• _Work request_: From the listing below, output only the lines starting at the line that has "Бірінші сыныпқа қабылдау" and ending at the line that has "to 30 days.", exactly as they appear, ends included.

• _Provided data_:
-- -- --

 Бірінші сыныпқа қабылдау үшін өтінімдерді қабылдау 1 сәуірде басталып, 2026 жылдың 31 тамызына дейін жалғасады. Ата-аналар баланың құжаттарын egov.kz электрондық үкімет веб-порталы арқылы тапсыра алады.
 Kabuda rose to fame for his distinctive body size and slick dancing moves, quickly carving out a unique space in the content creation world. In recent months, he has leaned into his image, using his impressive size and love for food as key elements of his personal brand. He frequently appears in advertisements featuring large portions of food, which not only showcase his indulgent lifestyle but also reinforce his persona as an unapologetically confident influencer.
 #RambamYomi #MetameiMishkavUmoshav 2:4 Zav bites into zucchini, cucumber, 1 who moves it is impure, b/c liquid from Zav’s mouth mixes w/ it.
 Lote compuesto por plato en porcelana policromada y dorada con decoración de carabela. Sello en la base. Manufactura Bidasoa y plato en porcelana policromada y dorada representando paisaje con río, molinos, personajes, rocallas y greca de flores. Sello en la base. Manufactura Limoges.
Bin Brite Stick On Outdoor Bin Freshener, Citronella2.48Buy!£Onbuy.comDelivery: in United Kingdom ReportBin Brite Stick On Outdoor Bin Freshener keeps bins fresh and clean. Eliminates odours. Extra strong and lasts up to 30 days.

-- -- --

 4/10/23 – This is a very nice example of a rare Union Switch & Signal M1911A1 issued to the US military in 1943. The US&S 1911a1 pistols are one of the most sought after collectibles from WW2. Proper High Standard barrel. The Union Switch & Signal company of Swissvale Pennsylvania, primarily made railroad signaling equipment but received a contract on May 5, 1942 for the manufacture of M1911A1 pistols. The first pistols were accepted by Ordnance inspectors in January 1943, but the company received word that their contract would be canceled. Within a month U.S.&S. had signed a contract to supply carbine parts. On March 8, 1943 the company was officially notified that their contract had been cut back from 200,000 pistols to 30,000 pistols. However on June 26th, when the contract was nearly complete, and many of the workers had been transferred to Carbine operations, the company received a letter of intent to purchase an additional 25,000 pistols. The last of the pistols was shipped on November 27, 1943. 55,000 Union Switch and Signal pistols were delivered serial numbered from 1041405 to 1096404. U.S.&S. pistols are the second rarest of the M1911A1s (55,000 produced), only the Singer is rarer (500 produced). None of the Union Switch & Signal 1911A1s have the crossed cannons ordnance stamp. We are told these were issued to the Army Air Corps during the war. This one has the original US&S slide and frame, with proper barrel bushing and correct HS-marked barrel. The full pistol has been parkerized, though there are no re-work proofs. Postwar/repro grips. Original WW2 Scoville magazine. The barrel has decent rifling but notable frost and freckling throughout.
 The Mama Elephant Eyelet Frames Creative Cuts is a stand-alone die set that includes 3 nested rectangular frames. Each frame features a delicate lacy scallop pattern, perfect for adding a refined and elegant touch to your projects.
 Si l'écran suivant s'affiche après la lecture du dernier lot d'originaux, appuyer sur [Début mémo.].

-- -- --

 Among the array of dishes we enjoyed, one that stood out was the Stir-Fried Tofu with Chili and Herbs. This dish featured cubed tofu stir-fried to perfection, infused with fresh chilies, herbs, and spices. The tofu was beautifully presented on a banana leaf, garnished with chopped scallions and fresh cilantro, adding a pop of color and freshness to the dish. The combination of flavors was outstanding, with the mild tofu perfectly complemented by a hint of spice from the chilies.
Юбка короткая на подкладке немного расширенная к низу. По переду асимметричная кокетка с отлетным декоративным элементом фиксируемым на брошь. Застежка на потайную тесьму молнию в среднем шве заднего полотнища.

-- -- --

• _Response to this task_:
 Бірінші сыныпқа қабылдау үшін өтінімдерді қабылдау 1 сәуірде басталып, 2026 жылдың 31 тамызына дейін жалғасады. Ата-аналар баланың құжаттарын egov.kz электрондық үкімет веб-порталы арқылы тапсыра алады.
 Kabuda rose to fame for his distinctive body size and slick dancing moves, quickly carving out a unique space in the content creation world. In recent months, he has leaned into his image, using his impressive size and love for food as key elements of his personal brand. He frequently appears in advertisements featuring large portions of food, which not only showcase his indulgent lifestyle but also reinforce his persona as an unapologetically confident influencer.
 #RambamYomi #MetameiMishkavUmoshav 2:4 Zav bites into zucchini, cucumber, 1 who moves it is impure, b/c liquid from Zav’s mouth mixes w/ it.
 Lote compuesto por plato en porcelana policromada y dorada con decoración de carabela. Sello en la base. Manufactura Bidasoa y plato en porcelana policromada y dorada representando paisaje con río, molinos, personajes, rocallas y greca de flores. Sello en la base. Manufactura Limoges.
Bin Brite Stick On Outdoor Bin Freshener, Citronella2.48Buy!£Onbuy.comDelivery: in United Kingdom ReportBin Brite Stick On Outdoor Bin Freshener keeps bins fresh and clean. Eliminates odours. Extra strong and lasts up to 30 days.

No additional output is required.